Apo-PP1, even produced using the chaperone-assisted protocol, is marginally stable. It must be maintained at concentrations ≤5 μM, and, even at these concentrations, is only stable for short periods of time before it begins to form soluble aggregates. These aggregates, which are not detected in activity assays, can be readily identified using size exclusion chromatography (SEC, Superdex 200 26/60). Thus, one of the central steps in our protocol is an on-column formation of the toxin:PP1 or regulatory protein:PP1 complex, followed by up to 6 additional purification steps [26]. Extremely homogeneous, monodisperse PP1 holoenzyme samples are produced using this protocol, which has already allowed for the determination of the highest resolution structures of PP1 complexes to date, including PP1 bound to a small molecular toxin (nodularin-R:PP1, PDB 3E7A, 1.63 Å) [6] and the PP1 bound to a neuronal targeting protein (spinophilin:PP1 holoenzyme, PDB 3EGG, 1.85 Å) [26] (Figure 5).
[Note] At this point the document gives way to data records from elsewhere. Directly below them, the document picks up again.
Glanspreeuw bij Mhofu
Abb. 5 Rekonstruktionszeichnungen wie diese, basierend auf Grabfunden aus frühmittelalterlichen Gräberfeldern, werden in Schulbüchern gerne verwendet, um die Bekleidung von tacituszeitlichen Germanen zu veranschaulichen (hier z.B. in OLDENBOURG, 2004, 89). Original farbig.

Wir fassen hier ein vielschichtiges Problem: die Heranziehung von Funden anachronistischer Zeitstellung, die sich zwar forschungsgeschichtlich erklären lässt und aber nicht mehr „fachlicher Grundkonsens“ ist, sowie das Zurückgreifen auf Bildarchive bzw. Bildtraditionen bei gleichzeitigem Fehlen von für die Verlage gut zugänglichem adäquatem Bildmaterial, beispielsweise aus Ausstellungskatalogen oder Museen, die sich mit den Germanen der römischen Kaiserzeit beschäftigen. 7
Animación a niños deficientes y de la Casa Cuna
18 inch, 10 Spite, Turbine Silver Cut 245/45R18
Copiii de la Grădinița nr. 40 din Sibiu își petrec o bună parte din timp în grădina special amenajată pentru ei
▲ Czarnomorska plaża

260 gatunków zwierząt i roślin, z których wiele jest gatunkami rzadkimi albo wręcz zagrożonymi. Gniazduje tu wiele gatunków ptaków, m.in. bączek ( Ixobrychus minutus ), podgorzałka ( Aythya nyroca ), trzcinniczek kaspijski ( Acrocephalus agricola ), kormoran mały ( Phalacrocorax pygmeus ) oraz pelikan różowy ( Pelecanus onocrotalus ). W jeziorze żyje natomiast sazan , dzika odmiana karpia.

Most importantly, this protocol has also been used to produce multiple PP1 holoenzymes for biochemical and structural studies, including I-2:PP1 [11], spinophilin:I-2:PP1 (a triple complex) [5], spinophilin:nodularin-R:PP1 (a triple complex) [26], neurabin:PP1 [26], tautomycin:PP1 [6], as well as many other currently unpublished PP1 holoenzymes.
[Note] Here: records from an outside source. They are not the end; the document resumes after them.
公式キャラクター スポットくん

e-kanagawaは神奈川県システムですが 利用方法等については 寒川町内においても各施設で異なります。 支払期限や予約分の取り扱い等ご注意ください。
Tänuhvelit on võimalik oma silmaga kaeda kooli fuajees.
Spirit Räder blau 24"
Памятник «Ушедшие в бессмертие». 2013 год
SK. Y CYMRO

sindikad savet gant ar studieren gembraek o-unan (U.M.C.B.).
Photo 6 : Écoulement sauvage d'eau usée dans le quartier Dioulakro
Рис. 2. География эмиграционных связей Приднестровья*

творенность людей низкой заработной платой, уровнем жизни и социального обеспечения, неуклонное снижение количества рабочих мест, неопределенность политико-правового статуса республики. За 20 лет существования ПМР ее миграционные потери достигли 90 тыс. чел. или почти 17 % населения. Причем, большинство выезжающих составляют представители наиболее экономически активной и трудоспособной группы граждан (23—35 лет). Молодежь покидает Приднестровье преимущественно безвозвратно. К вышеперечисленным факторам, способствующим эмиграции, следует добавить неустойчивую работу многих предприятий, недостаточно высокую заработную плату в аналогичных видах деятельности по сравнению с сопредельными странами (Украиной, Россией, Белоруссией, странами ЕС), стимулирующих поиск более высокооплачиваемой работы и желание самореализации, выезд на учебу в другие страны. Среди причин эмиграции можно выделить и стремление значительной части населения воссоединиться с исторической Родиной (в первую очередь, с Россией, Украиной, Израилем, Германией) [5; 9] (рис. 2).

The early days of PP1 structural biology
No structure of native PP1 (i.e., purified from natural source) has been determined. Rather, the 15 PP1 structures that have been determined to date (Table 1) have been expressed in E. coli. For these structures, the expression media was typically supplemented with MnCl2 and, in many but not all cases, MnCl2 was also added to all purification buffers. In 1995, the Kuriyan laboratory determined the 3-dimensional structure of PP1α in complex with the natural product toxin microcystin (although PP1α 1-330 was crystallized, only residues 7-300 were observed in the electron density maps, demonstrating that the N- and C-termini of PP1 are disordered) [30]. This structure provided the first detailed insights into the PP1 fold, the local conformation of the PP1α active site and, in turn, its catalytic mechanism (the PP1 fold is shown in Figure 2B). In addition, the electron density maps demonstrated that PP1 contains two metals, positioned about 3.3 Å apart in a shallow pocket at the center of the molecule (Figure 2C). The anomalous signal at these sites ruled out Mg, Ni, Cu or Zn, but was unable to distinguish between Mn, Fe or Co. The six residues that coordinate the metals (Asp64, His66, Asp92, Asn124, His173 and His248 in PP1α, Figure 2A) are strictly conserved in the eukaryote PPP family. This structure also revealed that the active site is located at the intersection of three proposed substrate binding grooves (the acidic, the hydrophobic and the C-terminal binding grooves; Figure 3A).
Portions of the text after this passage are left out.